Accordingly, the homogenized nanobubble water can be discharged to the outside through the inlet of the discharge port 22.

As described above, the dissolving device 1 for generating nanobubbles according to this embodiment is formed so that the inner diameter of the dissolving space A gradually decreases from the supply position to the discharge position, so that the discharge port 22 A feature of the technical configuration is that the discharge pressure for the generated nanobubble water gradually increases as time goes by, thereby homogenizing the nanobubble water.

The embodiment of the present invention described above is merely illustrative, and those skilled in the art will be able to understand that various modifications and other equivalent embodiments are possible. . Therefore, it will be well understood that the present invention is not limited to the form mentioned in the detailed description above. Therefore, the true scope of technical protection of the present invention should be determined by the technical spirit of the attached claims. In addition, the present invention should be understood to include all modifications, equivalents and substitutes within the spirit and scope of the present invention as defined by the appended claims.
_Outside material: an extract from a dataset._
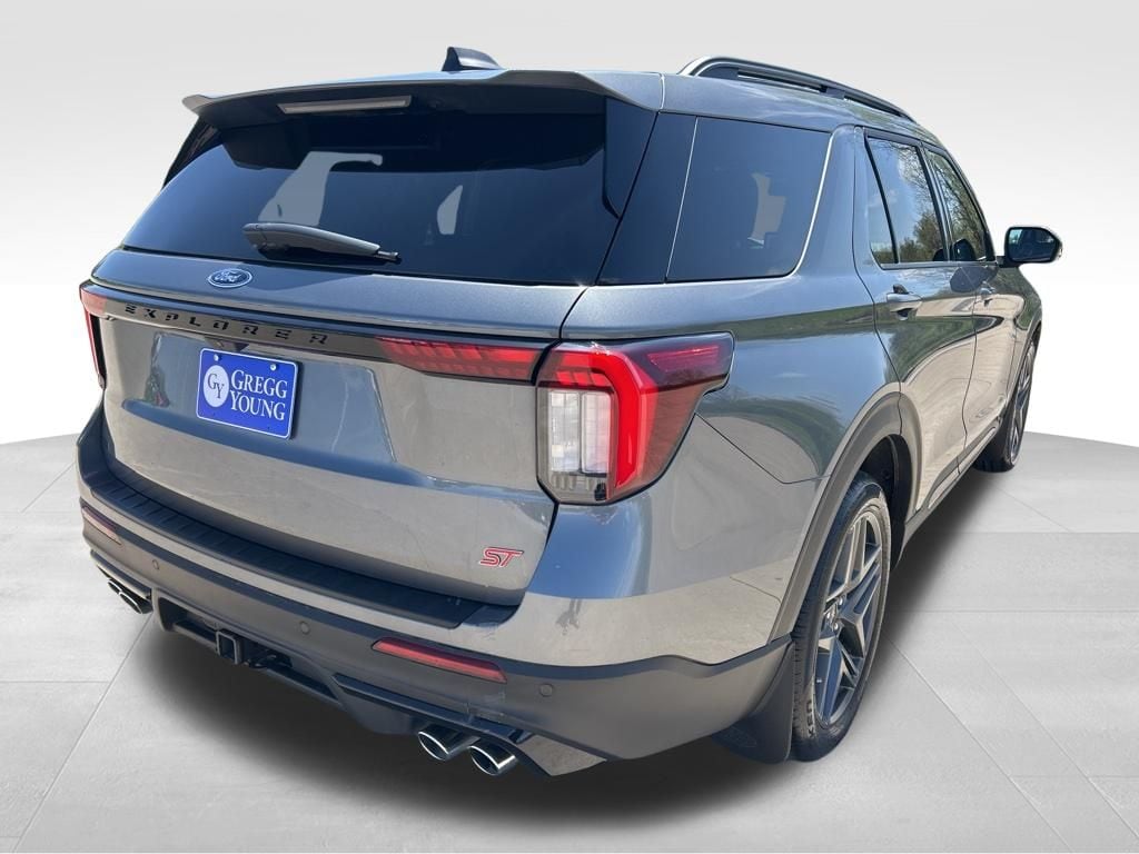 Reward yourself with our One Owner, Accident free 2025 Ford Explorer ST 4WD that's athletically inclined in Carbonized Gray Metallic! Powered by a Twin-TurboCharged 3.0 Liter EcoBoost V6 serving up 400hp to a paddle-shifted 10 Speed Automatic transmission for premium performance. A sport-tuned suspension and Terrain Management help your family take on tricky trails and twisty roads, and this Four Wheel Drive SUV sees nearly 24mpg on the highway. Showing a confident style all its own, our Explorer boasts LED lighting, quad exhaust outlets, a power liftgate, 21-inch wheels, roof rails, a twin panel sunroof, and black accents. Be ready to turn heads in this bold SUV!

1: Dissolution device 2: Dissolution body
21: supply port 22: discharge port
23: Binding pipe 3: Dissolution container
4: injection pipe 41: inlet hole

Claims (1)

It has a supply port (21) through which mixed water having a transfer pressure is supplied and a discharge port (22) for discharging to the outside, and is sealed against the outside between the supply port (21) and the discharge port (22) to dissolve the gas in water. A dissolution space (A) designed to create pressure is provided, and the inlet of the supply port 21 is disposed on the outer surface, and the outlet of the supply port 21 is disposed on the upper surface, so that the mixed water is supplied from the outer surface. The furnace is connected to discharge to the upper surface, and with the inlet of the discharge port 22 disposed on the upper surface, the outlet of the discharge port 22 is disposed on the outer side, and a discharge pipe through which the mixed water is discharged from the outside is connected to the outside. It is provided with a discharged dissolution body (2), the lower part is open and the open lower part is assembled by binding to the upper part of the dissolution body (2), and the mixed water is supplied inside through the outlet of the supply port (21). In the dissolution device (1) for generating nanobubbles, which includes a dissolution vessel (3) having the dissolution space (A) configured to create a dissolution pressure;
The dissolution container (3) is,
It consists of a 'cone-shaped barrel' whose inner diameter gradually becomes smaller from the top to the bottom, and the dissolution space (A) is characterized by its inner diameter becoming gradually smaller as it moves from the space where the mixed water flows in to the space where the mixed water is discharged to the outside. A dissolving device for generating nanobubbles.